Determining cause of SSD failure after 30-ish minutes

ssd

We have a 64GB SSD drive in a tower server with a local colocation company. This drive and the enter system was built about six months ago, brand new parts.

Until this weekend the SSD/system were working perfectly. We're running CentOS 6.2

After booting perfectly, the system can be used about 20-30 minutes (no real consistency with time) before the drive starts acting funny.

Libraries start saying they can't load, ssh starts denying public key logins. Shutdown starts saying "input/outout error". Some programs start indicating the drive is read-only.

Only 25GB of the 64GB are used.

I can't find any errors that indicate what happened. I tried running fsck from a live cd on the drive and it showed no problems and most of the time boot works fine. There was one boot that said "couldn't find os" but that's not happening anymore.

Where can I look to find logs about what happens? Are there any other disk checks I should do? It seems like a repairable problem, and not that I need a new drive.

Update:

I enabled SMART after rebooting the server. After 1 hour of uptime and normal system operation (running services are httpd, mysql, but very little to no traffic), suddenly things just stop working. During the hour of uptime it responded with a PASS for the smart health check. After the hour I tried it again (through webmin) and it now says SMART is disabled.
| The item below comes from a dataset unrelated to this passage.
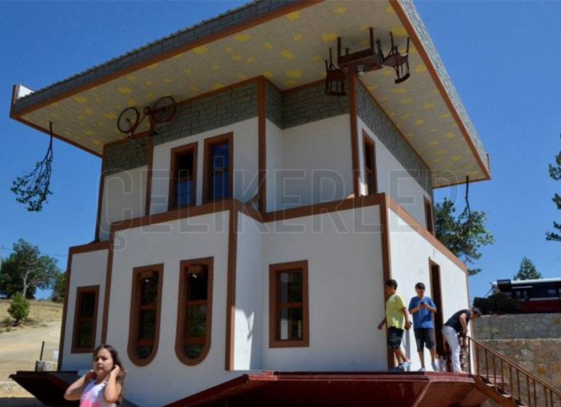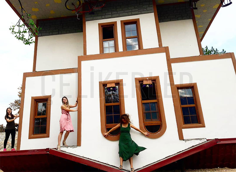 Karabük'ün Safranbolu ilçesinde, proje ve üretimini Çeliklerler'in üstlendiği, ters yapılan, eşyaların da tavana monte edildiği 'Tepetaklak Konak' yoğun ilgi görüyor. Safranbolu'ya bağlı Aşağı Danaköy'de girişimci Bilal Özdemir tarafından Çeliklerler'e yaptırılan ve Ağustos ayında ziyarete açılan 'Tepetaklak Konak', mimari yapısı ve eşyaların dizilişi nedeniyle ziyaretçilerden yoğun ilgi görüyor.

The hard drive is now showing the same issues I've seen before – trying most commands show "input/output error".

Running a smart health check now shows:

Log Sense failed, IE page [scsi response fails sanity test]

What can I do to figure out what's causing this to fail after a random period of time? It runs perfectly for 30-60 minutes and then it starts acting odd like this.

Update 2

Some requested that I try dmesg and this was the result: http://www.pastie.org/private/hk7jfhxilj7ypy828irna. Someone else recommended that I not assume it's the drive, but possibly the drive controller. I don't understand how to determine whether the error is the controller versus the drive – aside from trying a different drive. If I have to buy a replacement motherboard or drive I need to know which is failing first.

Running fsck shows:

fsck from util-linux-ng 2.17.2
e2fsck 1.41.12 (17-May-2010)
fsck.ext4: Superblock invalid, trying backup blocks...
fsck.ext4: Bad magic number in super-block while trying to open /dev/mapper/vg_192-lv_root

The superblock could not be read or does not describe a correct ext2
filesystem.  If the device is valid and it really contains an ext2
filesystem (and not swap or ufs or something else), then the superblock
is corrupt, and you might try running e2fsck with an alternate superblock:
    e2fsck -b 8193 <device>

Best Answer

SSDs are notoriously fragile. Jeff Atwood outlines some failure rates here. They will fail without any warning and turn your data into a distant memory.

Looks like it's time to RMA and restore from backup. It shouldn't be a problem though, because you're not running a production server on a single, non-RAIDed disk, right? And you definitely have recent backups you can use to get back on your feet, right?

Right?